Data records:

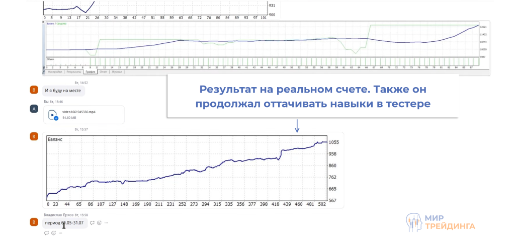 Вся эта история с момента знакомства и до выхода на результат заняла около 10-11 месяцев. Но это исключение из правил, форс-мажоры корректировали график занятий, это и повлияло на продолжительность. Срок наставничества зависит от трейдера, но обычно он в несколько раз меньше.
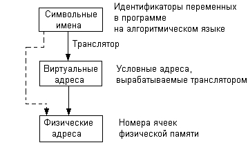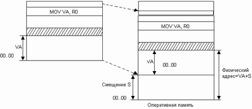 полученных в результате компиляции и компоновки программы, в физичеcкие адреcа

--

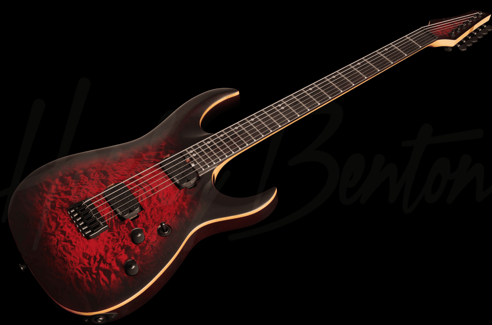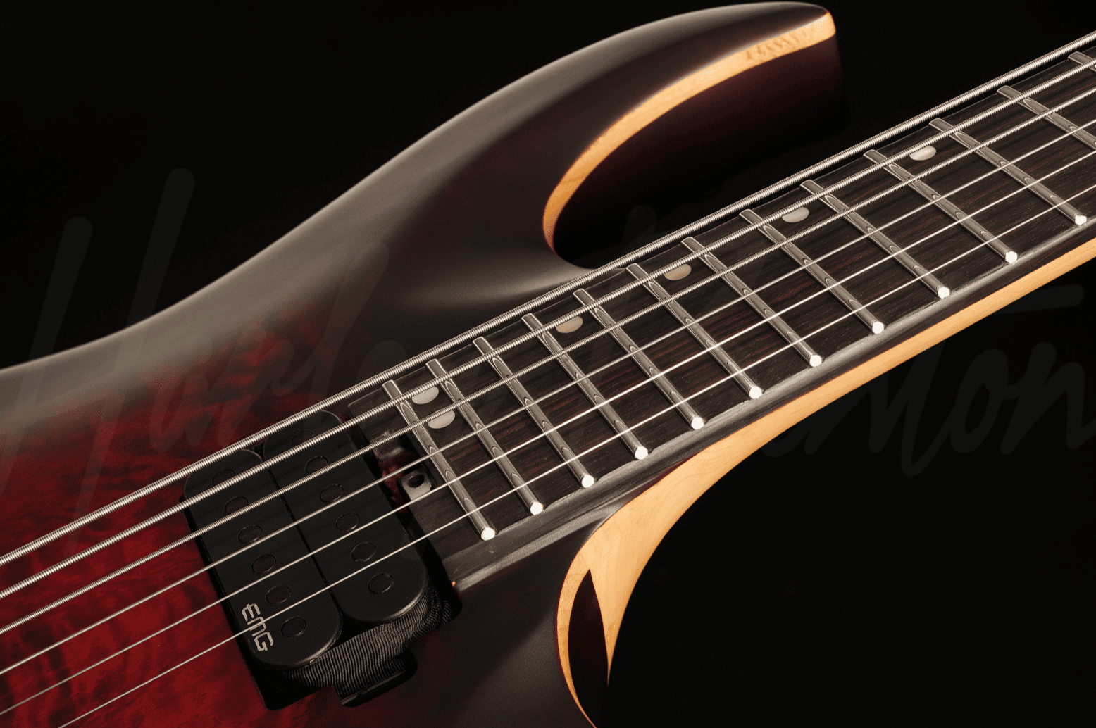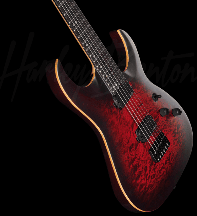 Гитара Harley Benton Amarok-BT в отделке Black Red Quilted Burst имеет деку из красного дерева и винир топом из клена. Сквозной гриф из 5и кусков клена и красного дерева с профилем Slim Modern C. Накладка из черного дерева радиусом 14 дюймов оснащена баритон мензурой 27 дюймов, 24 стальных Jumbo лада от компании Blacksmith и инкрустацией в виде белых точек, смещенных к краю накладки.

Problem requirements: Return, exactly as they stand, the lines above from the one with "Вся эта история" to the one with "полученных в результате", omitting any pictures among them.

Solution for this task:
 Вся эта история с момента знакомства и до выхода на результат заняла около 10-11 месяцев. Но это исключение из правил, форс-мажоры корректировали график занятий, это и повлияло на продолжительность. Срок наставничества зависит от трейдера, но обычно он в несколько раз меньше.
 полученных в результате компиляции и компоновки программы, в физичеcкие адреcа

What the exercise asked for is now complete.